I am puzzled about why there is not clear trend with array size.

1
Thanks for reply @HighPerformanceMark , I'm going to perform the test that you suggest and comment the results.user1420303
The result of pmap is not strictly typed. You should have a type conversion or assertion.Chris Rackauckas
You are measuring a lot of different things here including compilation & startup time. Check out docs.julialang.org/en/release-0.5/manual/performance-tips/… for some tips on benchmarking julia code.Alexander Morley
@HighPerformanceMark, I edited the answer with results for larger input arrays.user1420303
Thanks @ChrisRackauckas . I used @ time. I run it twice in the same code trying to follow what is recommended in docs.julialang.org/en/release-0.5/manual/performance-tips/… The code and the output is here pastebin.com/X1HEQF34 I tried to measure the vcat step, here is the code and output pastebin.com/VjxEHcbW It seems to me that vcat process is fast just because takes the means of only two valuesuser1420303

1 Answers

3
votes

You should pay prime attention to suggestions in the comments.

As @ChrisRackauckas points out, type instability is a common stumbling block for performant Julia code. If you want highly performant code, then make sure that your functions are type-stable. Consider annotating the return type of the function pmap and/or vcat, e.g. f(pids::Vector{Int}) = mean(vcat(pmap(mean_estimate, pids))) :: Float64 or something similar, since pmap does not strongly type its output. Another strategy is to roll your own parallel scheduler. You can use pmap source code as a springboard (see code here).

Furthermore, as @AlexMorley commented, you are confounding your performance measurements by including compilation times. Normally performance of a function f() is measured in Julia by running it twice and measuring only the second run. In the first run, the JIT compiler compiles f() before running it, while the second run uses the compiled function. Compilation incurs a (unwanted) performance cost, so timing the second run avoid measuring the compilation.
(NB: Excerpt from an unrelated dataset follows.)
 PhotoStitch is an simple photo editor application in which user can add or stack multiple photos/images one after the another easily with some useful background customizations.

If possible, preallocate all outputs. In your code, you have set each worker to allocate its own zeros(iter) and its own rand(p). This can have dramatic performance consequences. A sketch of your code:

# code mean_estimate as two functions
f(p::Int) = mean(rand(p))
function g(iter::Int, p::Int)
    vec_mean = zeros(iter)
    for i in eachindex(vec_mean)
        vec_mean[i] = f(p)
    end
    return mean(vec_mean)
end

# run twice, time on second run to get compute time
g(200000, 5000)
@time g(200000, 5000)

### output on my machine
#  2.792953 seconds (600.01 k allocations: 7.470 GB, 24.65% gc time)
# 0.4999951853035917

The @time macro is alerting you that the garbage collector is cleaning up a lot of allocated memory during execution, several gigabytes in fact. This kills performance. Memory allocations may be overshadowing any distinction between your serial and parallel compute times.
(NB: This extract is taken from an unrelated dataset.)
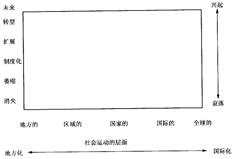 图7. 1有两条轴线。一条轴线表示由盛及衰,另一条轴线表示由地方而至全球。图中“全球的”代表了这样一种可能性,也就是超国界行动主义的鼓吹者所认为的,不仅国际角色和国际目标将成为未来社会运动中的家常便饭,而且,未来社会运动还将体制性地在全球层面协调公众的诉求伸张。此外,图7. 1贯彻了第五章的观点,即尽管社会运动中出现了若干国际化迹象,但在21世纪的最初几年里,地方、区域和国家层面的社会运动仍将继续。

Lastly, remember that parallel computing incurs overhead from scheduling and managing individual workers. Your workers are computing the mean of the means of many random vectors of length 5000. But you could succinctly compute the mean (or median) of, say, 5M entries with

x = rand(5_000_000)
mean(x)
@time mean(x) # 0.002854 seconds (5 allocations: 176 bytes)

so it is unclear how your parallel computing scheme improves upon serial performance. Parallel computing generally provides the best help when your arrays are truly beefy or your calculations are arithmetically intense, and vector means probably do not fall in that domain.

One last note: you may want to peek at SharedArrays, which distribute arrays over several workers with a common memory pool, or the experimental multithreading facilities in Julia. You may find those parallel frameworks more intuitive than pmap.